Entertainment Agency Database

“Show me counts of our customers summarized by both style and zip code.”

Translation/Clean Up

Select StyleName, CustZipCode, and the count count(*) of from the Customers table inner joined with the Musical_Preferences table on Musical_Preferences.CustomerID = Customers.CustomerID inner joined with the Musical_Styles table on Musical_Styles.StyleID = Musical_Styles.Style summarized both by GROUP BY GROUPING SETS (StyleName, and CustZipCode)

talSQL

SELECT MS.StyleName, C.CustZipCode, Count(*) AS

Instances

FROM Customers AS C

INNER JOIN Musical_Preferences AS MP

 ON MP.CustomerID = C.CustomerID

INNER JOIN Musical_Styles AS MS

 ON MS.StyleID = MP.StyleID

GROUP BY GROUPING SETS (MS.StyleName,

 C.CustZipCode)

CH21_Style_CustomerZipCode_Count_GROUPING_SETS (27 rows)

StyleName

CustZipCode

Instances

NULL

98002

2

NULL

98006

14

NULL

98033

7

NULL

98052

4

NULL

98105

2

NULL

98115

3

NULL

98413

4

40’s Ballroom Music

NULL

2

60’s Music

NULL

1

70’s Music

NULL

1

80’s Music

NULL

1

<< more rows here >>

Summary

I began the chapter by describing to you why you might need to group data differently from how you were shown in Chapter 13. This included an example illustrating one possibility.

I went on to explain the difference between the three extensions to GROUP BY:

• GROUP BY ROLLUP

• GROUP BY CUBE

• GROUP BY GROUPING SETS

I kept mentioning that the three keywords ROLLUP, CUBE and GROUPING SETS are simply extensions of the GROUP BY syntax I discussed in Chapter 13, so all restrictions from that chapter apply equally here.

I summarized why these extensions to GROUP BY can be useful, and I provided you with examples of how to build requests that require these extensions to the GROUP BY clause.

The following section presents some requests that you can work out on your own.

Problems for You to Solve

Below, I show you the request statement and the name of the solution query in the sample databases. (Hint: the name of the saved query lets you know whether you should use ROLLUP, CUBE, or GROUPING SETS.) If you want some practice, you can work out the SQL you need for each request and then check your answer with the query I saved in the samples. Don’t worry if your syntax doesn’t exactly match the syntax of the queries I saved—as long as your result set is the same.

Bowling League Database

1. “Show me how many bowlers live in each city. Give me totals for each combination of Team and City, for each Team, for each City plus a grand total.”
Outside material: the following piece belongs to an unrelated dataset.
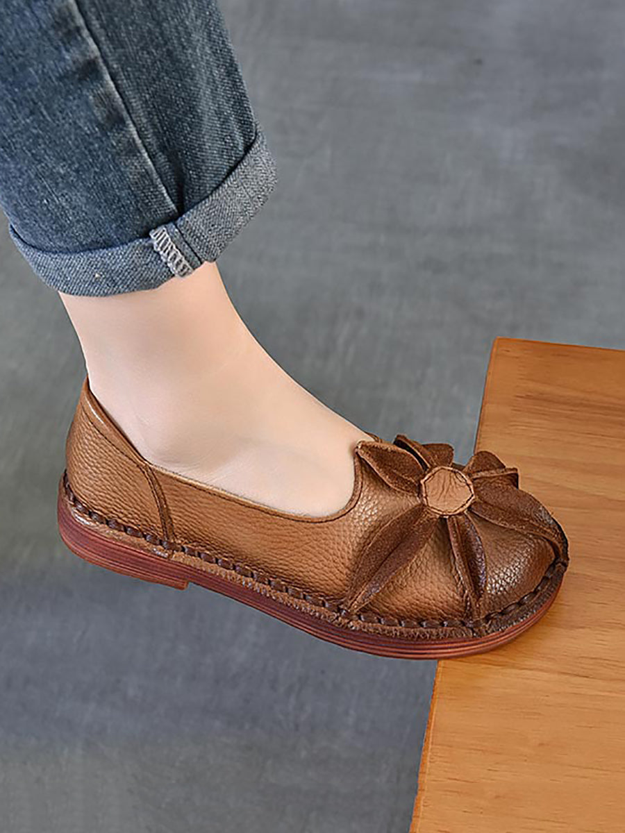 Dámské vintage boty z pravé kůže s květinovým vzorem na nízkém podpatku

You can find my solution in CH21_Team_City_Count_CUBE (44 rows).

2. “Show me the average raw score for each bowler. Give me totals by Team and by City.”

You can find my solution in CH21_Team_City_AverageRawScore_GROUPING_SETS (18 rows).

3. “Show me the average handicap score for each bowler. For each team, give me average for each city in which the bowlers live. Also give me the average for each team, and the overall average for the entire league.”

You can find my solution in CH21_Team_City_AverageHandicapScore_ROLLUP (34 rows).

Entertainment Agency Database

1. “For each city where our entertainers live, show me how many different musical styles are represented. Give me totals for each combination of City and Style, for each City plus a grand total.”

You can find my solution in CH21_EntertainerCity_Style_ROLLUP (36 rows).

2. “For each city where our customers live, show me how many different musical styles they’re interested in. Give me total counts by city, total counts by style and total counts for each combination of city and style.”

You can find my solution in CH21_CustomerCity_Style_GROUPING_SETS (18 rows).

3. “Give me an analysis of all the bookings we’ve had. I want to see the number of bookings and the total charge broken down by the city the agent lives in, the city the customer lives in, and the combination of the two.”

You can find my solution in CH21_AgentCity_CustomerCity_Count_Charge_GROUPING_SETS (34 rows).

Recipes Database

1. “I want to know how many recipes there are in each of the recipe classes in my cookbook, plus an overall total of all the recipes regardless of recipe class. Make sure to include any recipe classes that don’t have any recipes in them.”

You can find my solution in CH21_RecipeClass_Recipe_Counts_ROLLUP (8 rows).

2. “I want to know the relationship between RecipeClasses and IngredientClasses. For each recipe class, show me how many different ingredient classes are represented, and for each ingredient class, show me how many different recipe classes are represented.”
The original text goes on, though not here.